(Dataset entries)
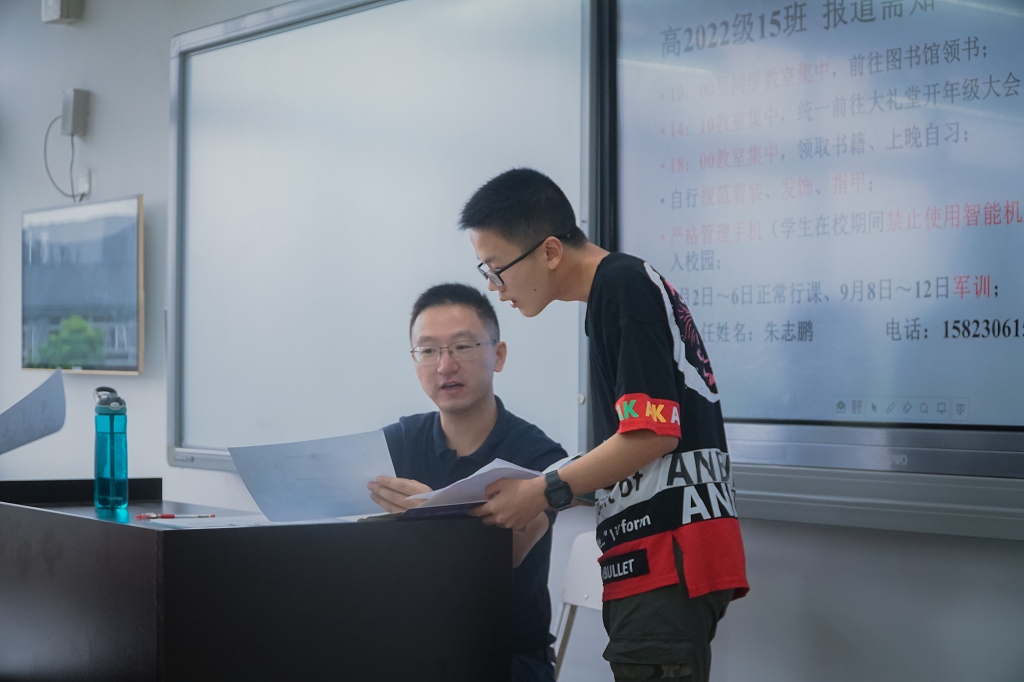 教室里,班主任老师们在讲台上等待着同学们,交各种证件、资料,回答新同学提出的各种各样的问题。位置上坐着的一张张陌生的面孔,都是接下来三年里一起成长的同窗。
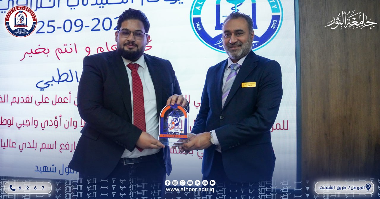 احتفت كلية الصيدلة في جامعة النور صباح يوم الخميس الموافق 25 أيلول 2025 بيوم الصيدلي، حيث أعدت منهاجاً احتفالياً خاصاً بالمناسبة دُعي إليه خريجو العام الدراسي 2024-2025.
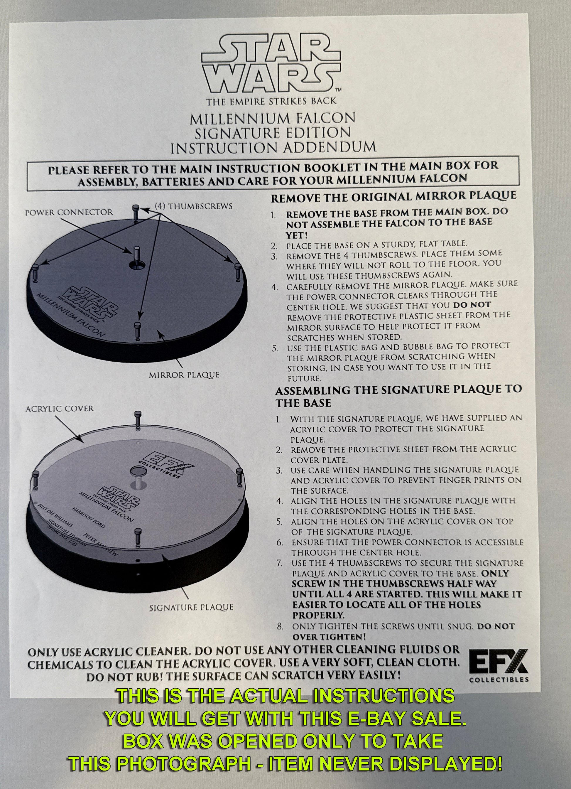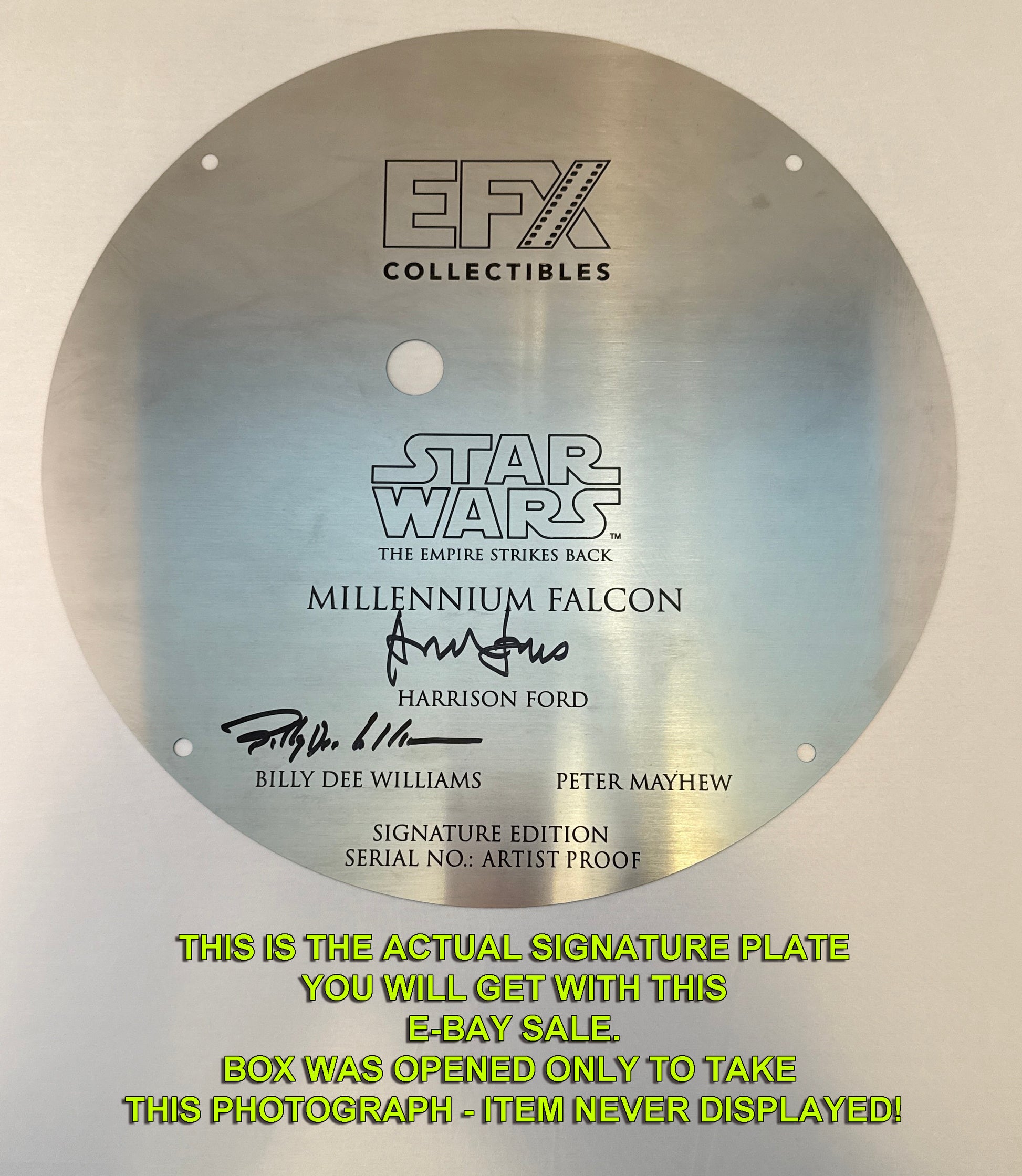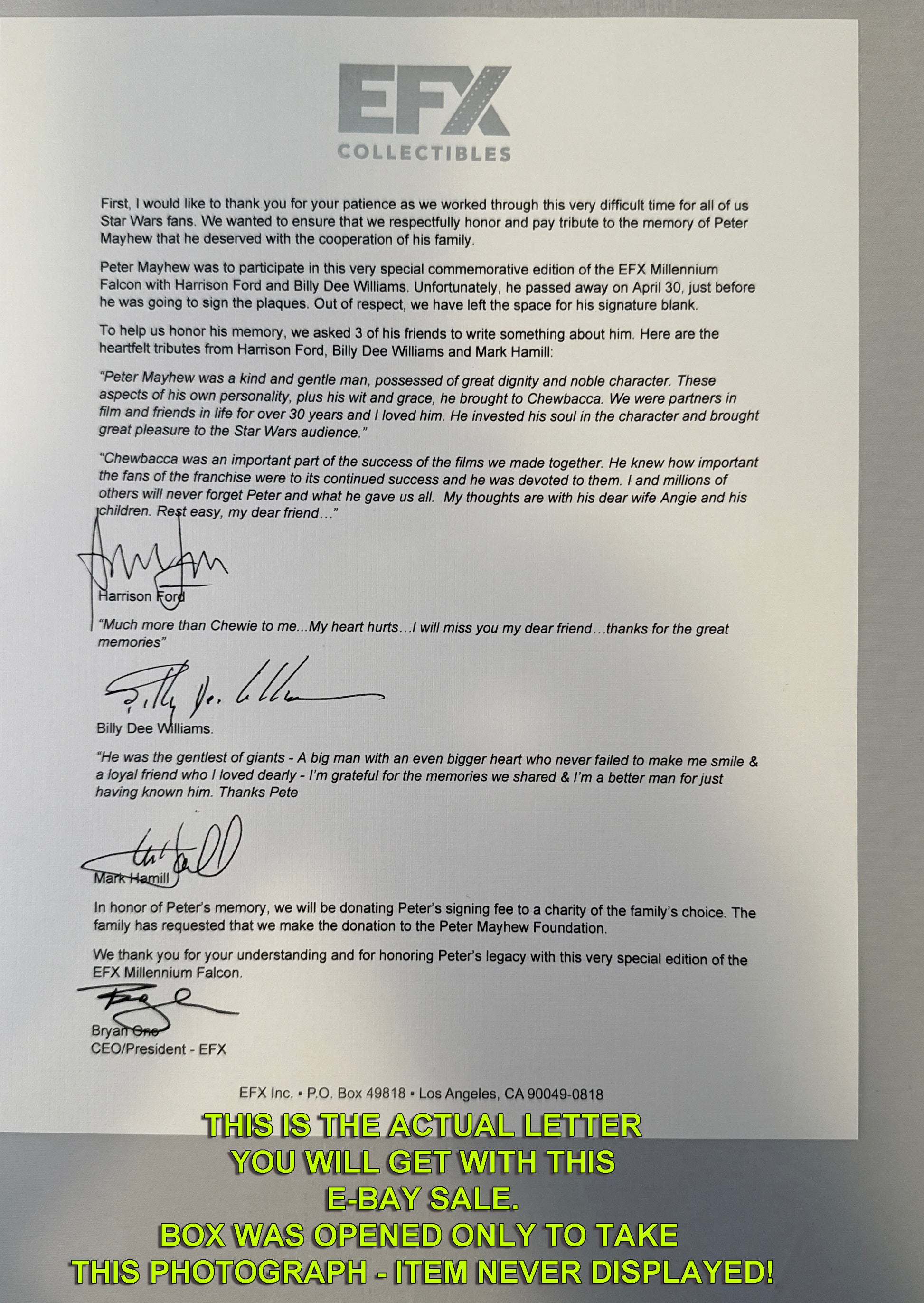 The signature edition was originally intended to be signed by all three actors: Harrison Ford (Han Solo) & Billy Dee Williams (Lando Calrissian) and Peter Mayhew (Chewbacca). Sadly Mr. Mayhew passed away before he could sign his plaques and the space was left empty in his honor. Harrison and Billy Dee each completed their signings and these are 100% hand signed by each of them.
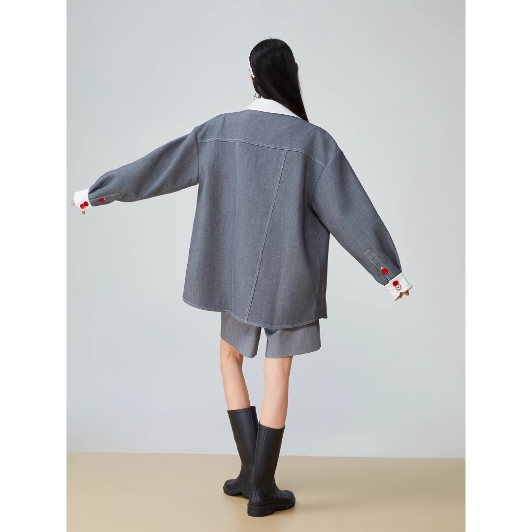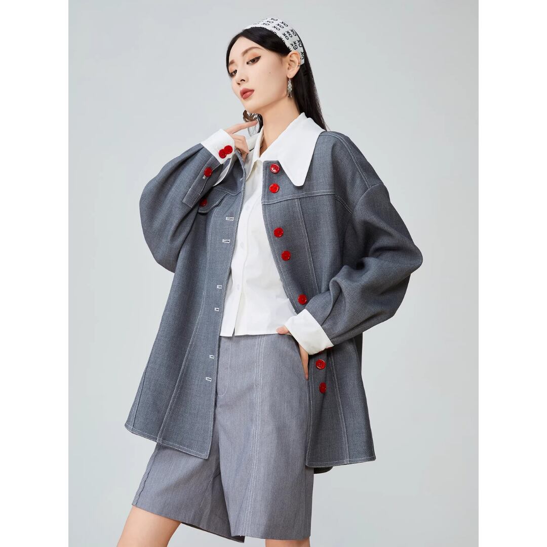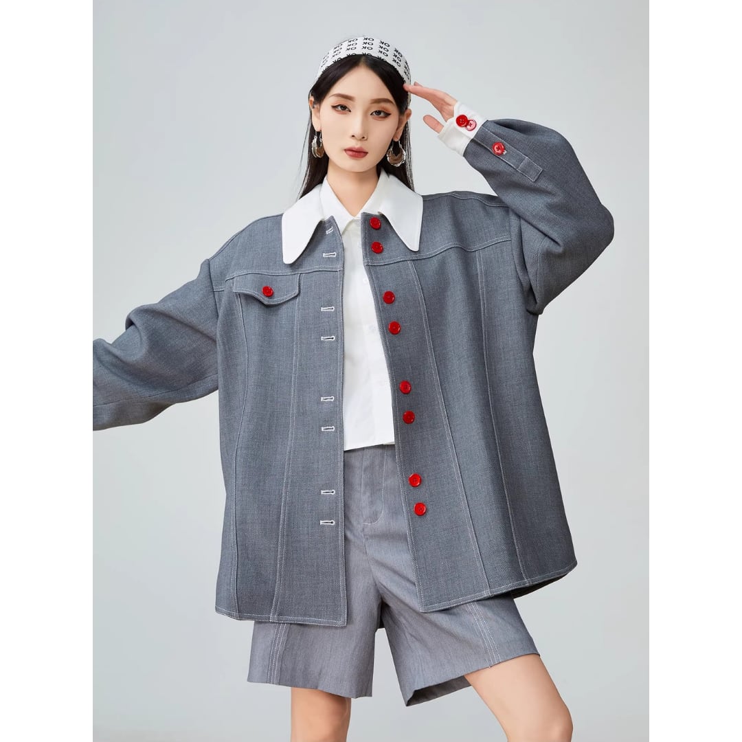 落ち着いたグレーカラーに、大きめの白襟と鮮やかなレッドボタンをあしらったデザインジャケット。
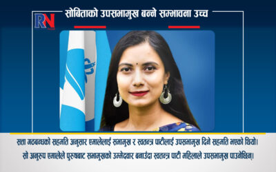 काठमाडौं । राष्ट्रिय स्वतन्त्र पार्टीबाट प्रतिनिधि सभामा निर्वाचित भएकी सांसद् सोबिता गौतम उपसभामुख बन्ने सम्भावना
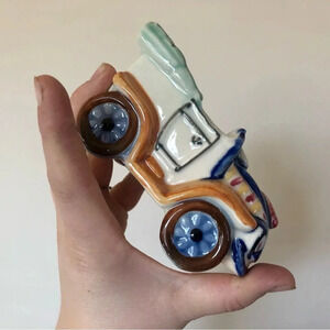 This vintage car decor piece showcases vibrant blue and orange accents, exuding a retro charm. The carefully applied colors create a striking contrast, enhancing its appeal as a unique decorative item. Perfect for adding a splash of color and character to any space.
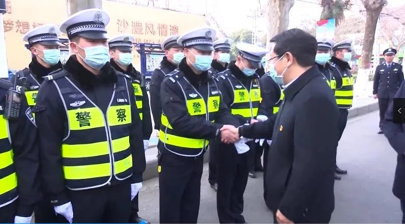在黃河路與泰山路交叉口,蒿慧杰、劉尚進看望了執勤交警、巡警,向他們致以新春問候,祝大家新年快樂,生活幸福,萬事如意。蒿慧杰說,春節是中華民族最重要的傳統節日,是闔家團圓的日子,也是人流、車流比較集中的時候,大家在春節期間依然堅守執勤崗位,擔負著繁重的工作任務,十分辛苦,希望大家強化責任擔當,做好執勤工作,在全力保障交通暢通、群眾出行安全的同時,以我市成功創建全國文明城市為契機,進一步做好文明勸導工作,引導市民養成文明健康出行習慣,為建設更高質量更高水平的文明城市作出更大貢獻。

- _What to do_
Please reproduce, word for word, every line from the first line of the records above through the line containing "احتفت كلية الصيدلة", and leave out the pictures.

- _Exercise solution_
 教室里,班主任老师们在讲台上等待着同学们,交各种证件、资料,回答新同学提出的各种各样的问题。位置上坐着的一张张陌生的面孔,都是接下来三年里一起成长的同窗。
 احتفت كلية الصيدلة في جامعة النور صباح يوم الخميس الموافق 25 أيلول 2025 بيوم الصيدلي، حيث أعدت منهاجاً احتفالياً خاصاً بالمناسبة دُعي إليه خريجو العام الدراسي 2024-2025.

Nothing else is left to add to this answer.